Приключенiя желтаго петухаОтрывки из романа
— Настасья! — произнес Шарафутдинов-Подольский и отодвинул чашку с надписью «Кого люблю, тому дарю». От батареи парового отопления шел приятный жар. Шарафутдинова-Подольского разморило, и голос его прозвучал не так строго, решительно и безапелляционно, как он хотел, когда готовил сегодняшний утренний разговор — непременно утром и обязательно после завтрака. Насте этот тон был вполне знаком: таким манером ее Коля просил денег на опохмелку. Но вчера он не пил, как не пил уж почти месяц. Это пугало Настю, и вот сегодня она предполагала за обедом распить с Колей поллитровку любимой «зубровки». И жирных щей наварила Настя вчера. И вчера же маленького Валерку отправила к бабушке.
— Настасья, — продолжал между тем Коля Шарафутдинов-Подольский. — Я уезжаю.
«Да пусть тебя черти унесут!» — могла бы сказать Настя, но вспомнила о тоскливой доле одинокой женщины с ребенком. И пока она вспоминала и раздумывала, Шарафутдинов-Подольский, удивленный молчанием Насти, повторил:
— Уезжаю я, Настасья.
— Куда же? — испуганно спросила Настя.
— А в государство Израиль, — ответил Шарафутдинов-Подольский и приосанился.
— А как же я? — жалобно спросила Настя.
— А ты — остаешься, — ответил Шарафутдинов-Подольский.
— Ты разве — еврей? — со страхом спросила Настя. — Ты ж Шарафутдинов. Татарин, значит, — сказала она и замерла: вдруг почувствовала, что перед нею сейчас раскроется тайна, какая раскрывалась в детстве в сказках про колдунов. И тайна эта тотчас раскрылась. Потому что Коля сказал:
— Я — Подольский. Значит, еврей, — помолчал и добавил: — Я — казанский еврей.

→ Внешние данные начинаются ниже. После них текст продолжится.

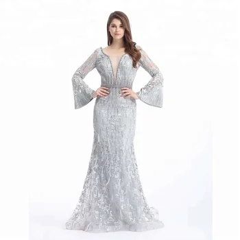 Silver Long Sleeve Mermaid Embroidered silver long gown

Тайна раскрылась перед Настей именно так, как раскрывалась в детстве: ведь можно было догадаться сразу, но не догадывалась, и — вдруг… И Настя заплакала. От испуга она побледнела, лицо ее скисло, губы скривились. Смотреть на Настю было неприятно, и Шарафутдинов-Подольский отвернулся.
Дворницкая, по которой он заскользил сейчас рассеянным взглядом, была не то чтобы тесной, она была просторной. Большую часть обстановки Настя насобирала на помойке, когда жильцы обзаводились новой современной мебелью и выбрасывали старую. Кое-что Насте дарили за услуги, а кое-что она прикупила сама. Потому и оказалось здесь павловское кресло с изрядно поношенной зеленой обивкой, прикрытой украинскими расшитыми «думками». Над ним в золоченой барочной раме висела купленная на Сенном рынке картина, изображающая охотника на уток, самих уток, летящих к оранжевому солнцу, и кусты смородины на первом плане. Три венских стула стояли у стола, новомодно приткнутого к стенке. Две табуретки не мешали венским стульям изящно изгибаться, а только унижали себя попыткой втереться в приличное общество. Кровать с шишечками удивлялась хитроумию немецкого раскладного дивана. Зеркало, в красную раму которого были засунуты фотографии Насти, Валерки и деревенской родни, висело у печки. Коля не позволил выкинуть печь, когда провели паровое отопление. Вот все вместе и было дворницкой, по которой скользил лениво взгляд Коли Шарафутдинова-Подольского.
На самом-то деле его звали не Коля, а Евсей. Так же звали какого-то его предка; он уже и не помнил — какого, да и знал ли когда. Евсеем он был по паспорту; дворников Евсеев в наше время не бывает; никто его так не звал: это был бы просто анекдот, если б дворник был Евсеем. Евсеем может быть доктор, но тогда его зовут Евсей Маврикиевич, он лысый и пожилой, а голова у него редькой вверх.
Поэтому Шарафутдинова звали Колей. Почему же не Васей? — спросите вы, не догадываясь, что Шарафутдинов не может быть Васей. Если Шарафутдинов, то он, скорее всего, Коля, как и оказывается на самом деле. А уж Евсеем ни в коем случае: из Евсея не получается ни Вася, ни Коля.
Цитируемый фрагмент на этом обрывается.